Notícias
do Tribunal Superior do Trabalho: Sexta Turma reconhece culpa
objetiva em acidente de trabalho
No Tribunal Superior do Trabalho, os ministros da Sexta Turma
não acataram apelo de empresa Copel Distribuição
S/A que, entre outros pedidos, pretendia a reforma da decisão
do TRT da 9.ª Região (PR) para, assim, eximir-se
da culpa por acidente que incapacitou um servidor para as atividades
laborais.
O empregado
da Copel encontrava-se no topo de uma escada e de lá
caiu – de uma altura de cerca de 10 metros – quando
o poste em que estava encostada a escada foi arrastado por caminhão
em manobra. Esse movimento inesperado do caminhão não
permitiu ao trabalhador pôr o cinturão de segurança,
antes de iniciar sua tarefa. Do acidente, resultou invalidez
parcial e irreversível do empregado.
A Copel
alega não ser caso de responsabilidade objetiva do empregador
e entende ser essa a situação em que deve ser
aplicado o art. 7.º, XXVIII, da Constituição
Federal, e não o art. 927 do Código Civil. Aponta,
ainda, violação dos dispositivos mencionados e
divergência jurisprudencial.
O Tribunal
Regional paranaense fundamentou sua decisão no depoimento
do autor, na prova pericial e na descrição do
acidente, concluindo estar a atividade da Copel inserida no
rol daquelas abrangidas pela teoria do risco excepcional, que
justifica o dever de indenizar sempre que a atividade desenvolvida
pelo empregado constitui-se em risco acentuado ou excepcional
pela natureza perigosa, independentemente de comprovação
de culpa. Diante desses argumentos, o TRT afastou por completo
a alegada culpabilidade do empregado e considerou tão
somente a culpa objetiva da empresa.
Na Sexta
Turma, o ministro Aloysio Corrêa da Veiga, relator do
processo, considerou que no atual panorama da responsabilidade
civil, o inciso XXVIII do art. 7º da Constituição
Federal traz um direi to mínimo do trabalhador quanto
à indenização por acidente de trabalho
no caso de dolo ou culpa, mas, ressaltou, “outra norma
pode atribuir uma situação mais favorável
ao empregado que permita a responsabilidade por culpa lato sensu.

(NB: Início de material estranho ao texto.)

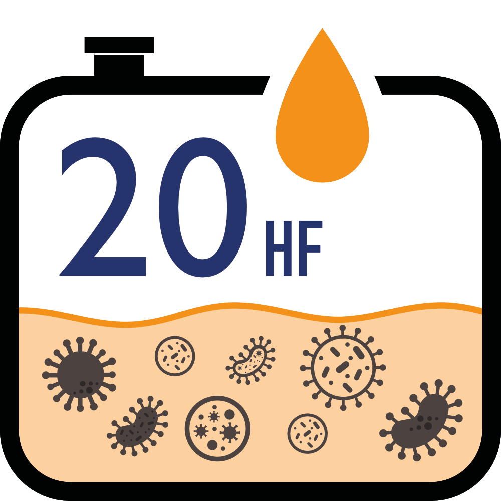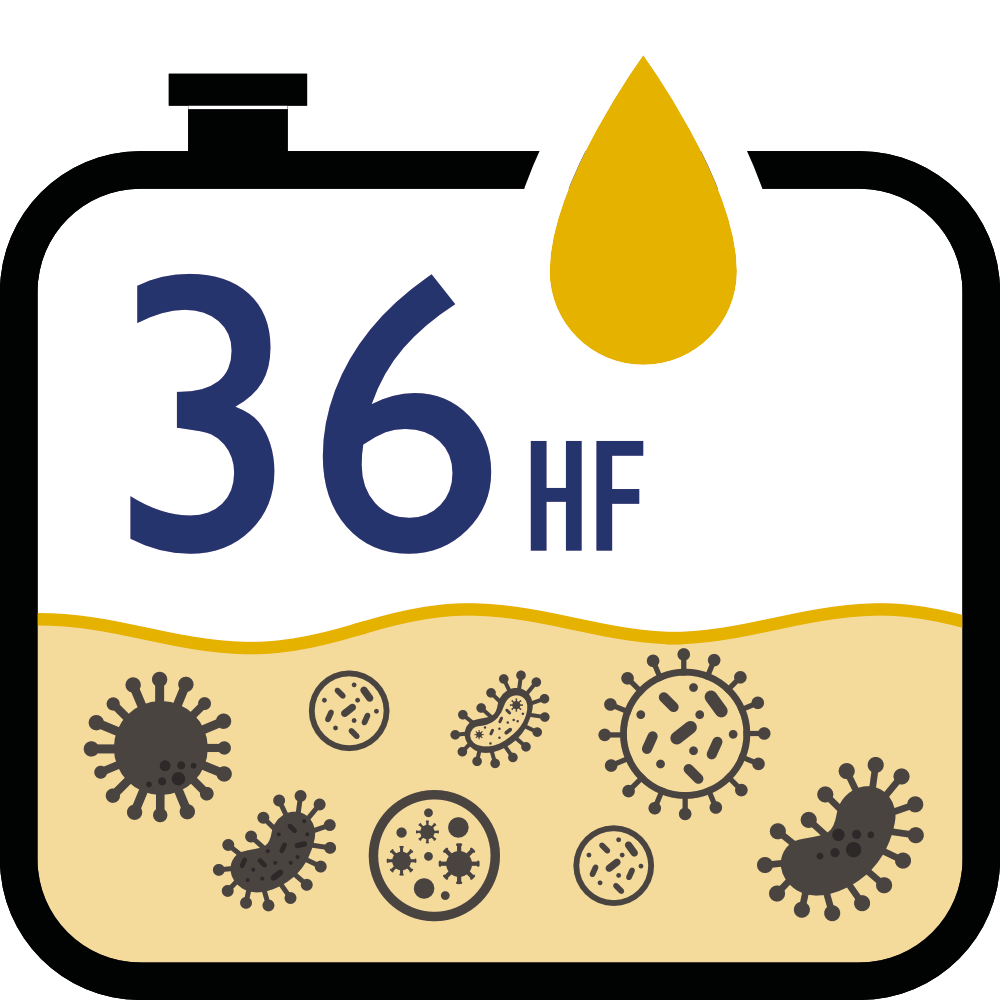 Gli attivi HF si disperdono più rapidamente nella matrice idrocarburica, agendo meglio sia nella fase acqua che carburante.

No caso do acidente de trabalho, há norma específica
nesse sentido, conforme se extrai do parágrafo único
do art. 927 do Código Civil, quando consagra a responsabilidade
objetiva para atividade de risco.”
Assim, a
Sexta Turma concluiu não haver impedimento para o reconhecimento
da responsabilidade objetiva da empresa. (RR-99516/2005-093-09-00.1)
(Raimunda
Mendes)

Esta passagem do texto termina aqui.